Australian shares have had their worst year since 2011 amid fresh evidence of a tightening credit squeeze at home and growing concern about a weakening global economy.
The benchmark ASX200 index finished lower on the last day of the year after a late dive on the share market, confirming 2018 as the worst 12 months for the bourse since 2011.
The S&P/ASX200 index closed down 7.9 points, or 0.14%, at 5645.0 at an earlier-than-usual close of 2pm AEDT on Monday. The broader All Ordinaries closed 6.6 points lower at 5715.0, or 0.12% down, having also been higher throughout the day.
The ASX has slipped 9.04% since September – the worst quarter since September 2011 – and 2018 was its worst year in seven, down 6.9% amid wider global volatility.
The Australian dollar edged higher, buying US70.62c, up from 70.48c on Friday.
Figures from the Reserve Bank on Monday showed a renewed credit squeeze across the Australian economy.
For the year ending in November, broad money – the widest definition of the money in circulation – grew just 1.8% compared with 6% to the year ending in November 2017. Personal credit and housing credit were also lower.
Credit growth in Australia is set to ease further in 2019 based on the ongoing weakness in new lending activity in the housing market. This points to further falls, and larger monthly falls, in property prices #ausproperty pic.twitter.com/1xPJVIAqzj
— Callam Pickering (@CallamPickering) December 31, 2018
The prospect of falling house prices and further pressure on bank shares as the royal commission prepares to reveal its final report into the industry will act as additional curbs on domestic prospects.
Ater 10 years of strong growth, especially in the US, world stock markets have been rocked by rises in US interest rates and uncertainty caused by the US-China trade dispute.

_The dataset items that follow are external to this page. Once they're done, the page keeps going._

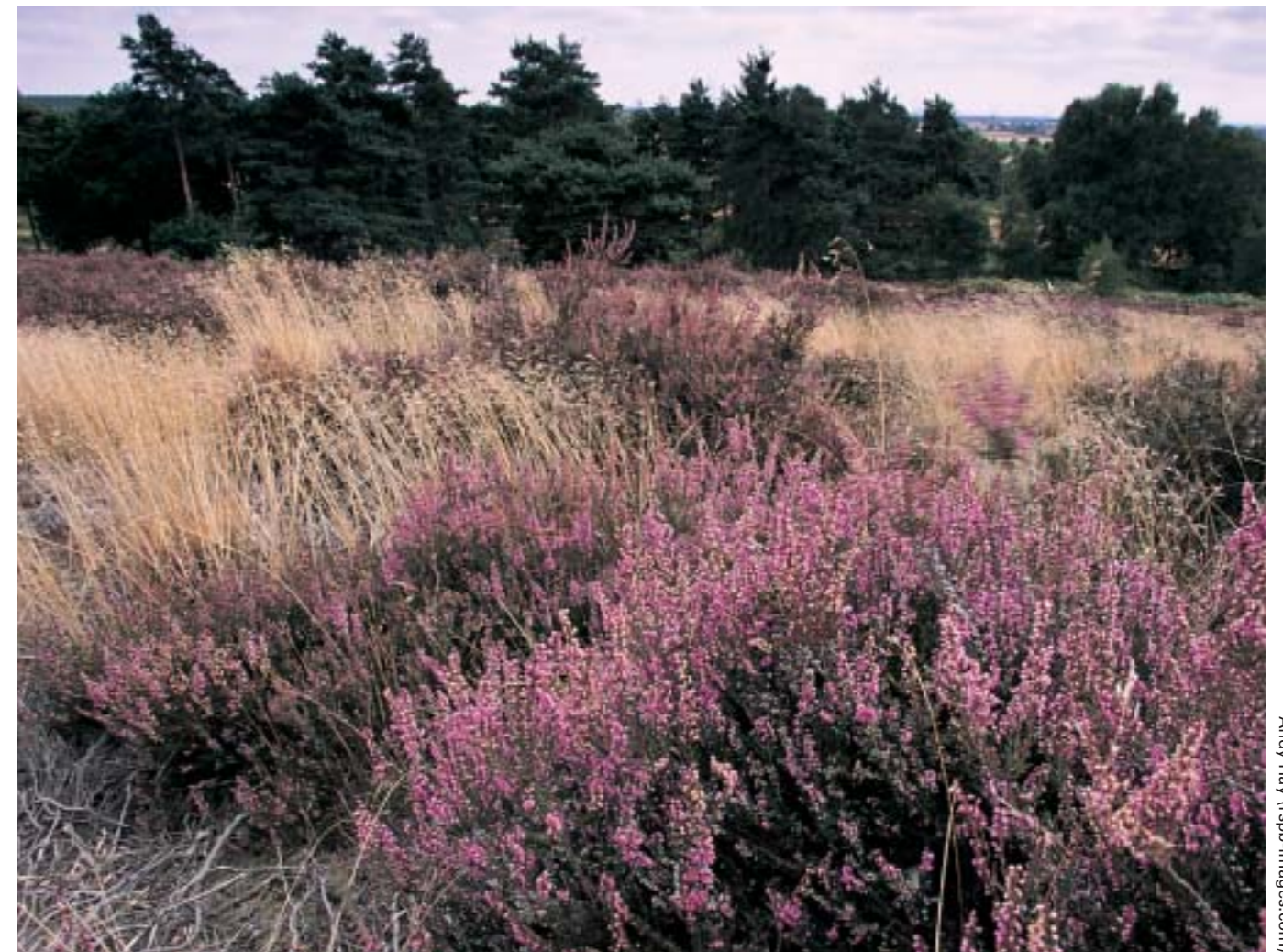
At The Lodge nature reserve in Bedfordshire we have acquired new areas of land to extend the heathland habitat and offer a much improved experience for visitors.
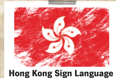
Hong Kong Sign Language
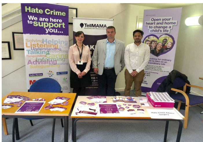
Merton Hate Crime Advice Surgery, Merton Civic Centre

In 2019 Merton became the first borough in south London to host a monthly Hate Crime Advice Surgery, in partnership with Tell MAMA and other community organisations working with victims covering each strand of hate crime. The surgeries are a confidential drop-in service for victims of hate crime to be offered advice and support.
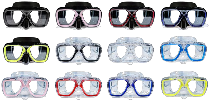
Universal + M810 Corrective lenses available
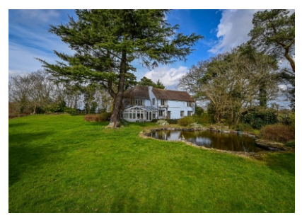
Horseshoes, Netherton, Highley, Bridgnorth
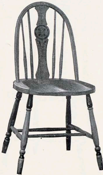
No. 2763. Chair. (For Finishes see page 86.)

Table Top 34 x 44 inches Open. Table Top 22 x 34 inches Closed. (For Finishes see page 86.)
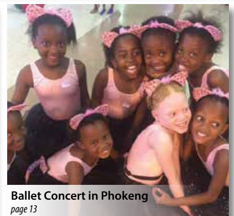
Ballet Concert in Phokeng page 13

There are also fears that the Chinese economy is heading for a downturn, underlined by figures on Monday showing that the manufacturing sector contracted last month, for the first time since 2016.
#China’s manufacturing activities contracted for first time since July 2016
— YUAN TALKS (@YuanTalks) December 31, 2018
Export and import activities both slipped deeper into the contraction zone;
Construction activities picked up significantly following China's infrastructure pushhttps://t.co/rw92xQs8hU
Naka Matsuzawa, the chief Japan rates strategist at the investment bank Nomura, said in a note that the global economy was on an “irreversible path to an economic downturn” as it worked through the last cycle of the post-crisis expansion in credit.

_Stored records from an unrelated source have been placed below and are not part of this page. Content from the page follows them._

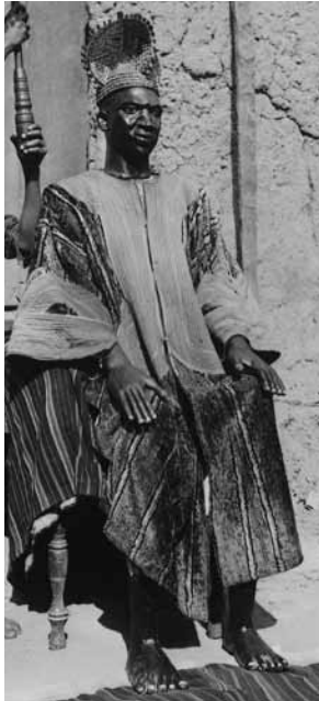
Fig. 2 Second burial effigy ( àkò ) representing the chief of a village near Òwò (Nigeria) partially dressed, 1949
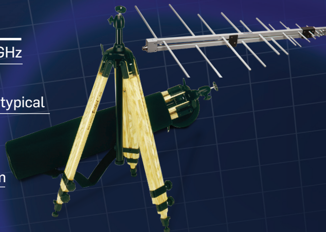
LP-04 and tripod
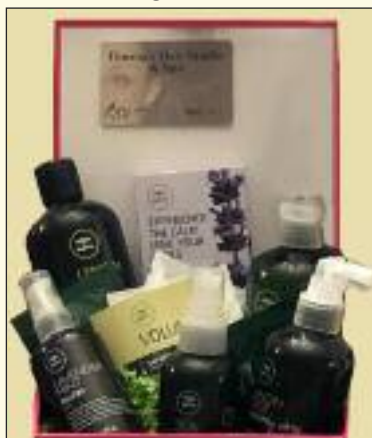
#519 Paul Mitchell Products and $50 Gift Card
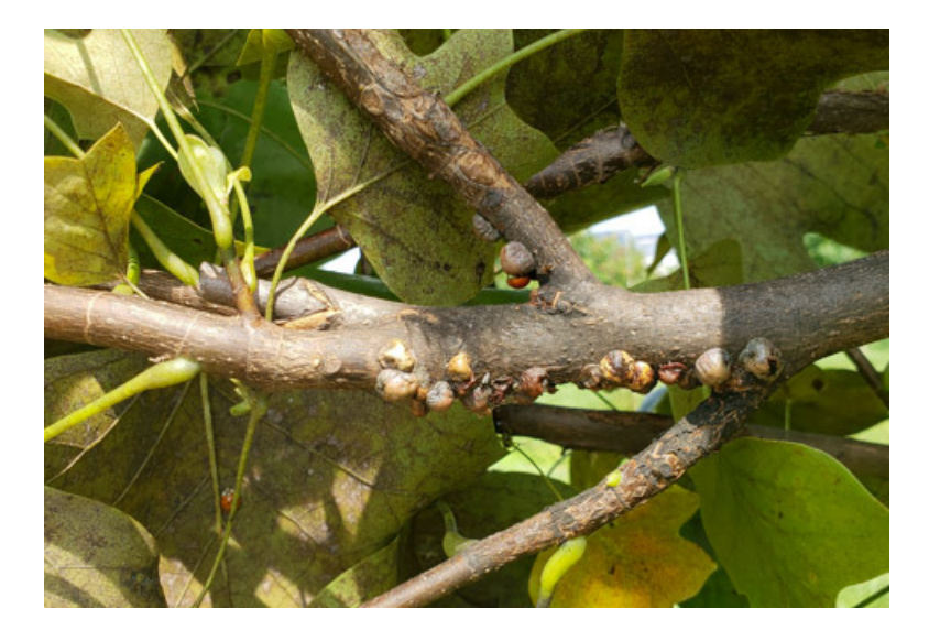
If you have an infestaton of tuliptree scale (above), check to see if crawlers (right) have hatched at your location

Last week in the IPM Alert, we wrote about tuliptree scale. This week, Marie Rojas, IPM Scout, found crawlers starting to hatch under female covers on a tulip tree in Gaithersburg on September 8. Now is a good time to apply Distance or Talus.
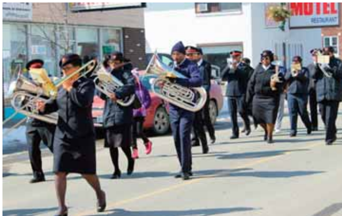
And the band played on...
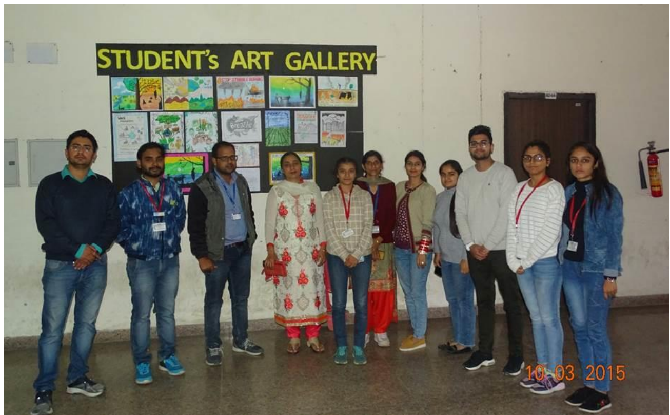
Agro vines- video clip making competition
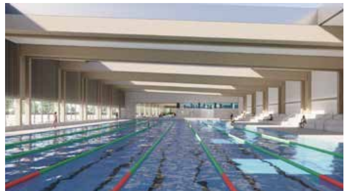
Artists impression of the Oran Park Leisure Centre pool

"Council has worked hard on providing the community with high quality sport and recreation facilities across the Camden area and Oran Park Leisure Centre will add to our growing list," she said.
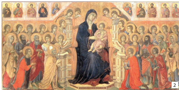
2 Duccio di Buoninsegna, Maestà, 1308–1311, tempera on poplar panel, 213 x 400 cm (Antependium= altar substructure)

The proportions of the figures clearly establish and substantiate an obvious hierarchy between divine creation and mortal humans. One figure stands at the centre of the picture. While the arrangement of figures and their proportions vest the central figure with power and authority, God is at the same time also human. The picture presents itself as a truth, hierarchically situating us as viewers standing in front of it and accepting instruction.
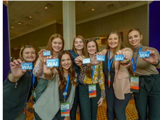
Share your thoughts about your WAI membership experience. The 2024 survey closes July 10.

Your input will be used to develop our resources and benefits to enhance your membership experience.

“However, we do not expect the economy to fall suddenly into a downturn, but to recover temporarily in the second half of 2019 to the first half of 2020 after signs of a slowdown strengthen through the first half of 2019,” he said.
Chris Weston, the head of research at Pepperstone in Melbourne, said fears over global growth and manufacturing loomed as one of the major concerns heading into 2019.
“Liquidity had been sucked out of markets because of downright pessimism,” he said. “At the heart of it is US and Sino relations – Donald Trump would be rubbing his hands together at [China manufacturing data] because he’s got some leverage now.”
The Chinese stock market has been the worst performer of the year across the region, losing a quarter of its value. The only major market in the black for the year was India, where the BSE was ahead by almost 6%.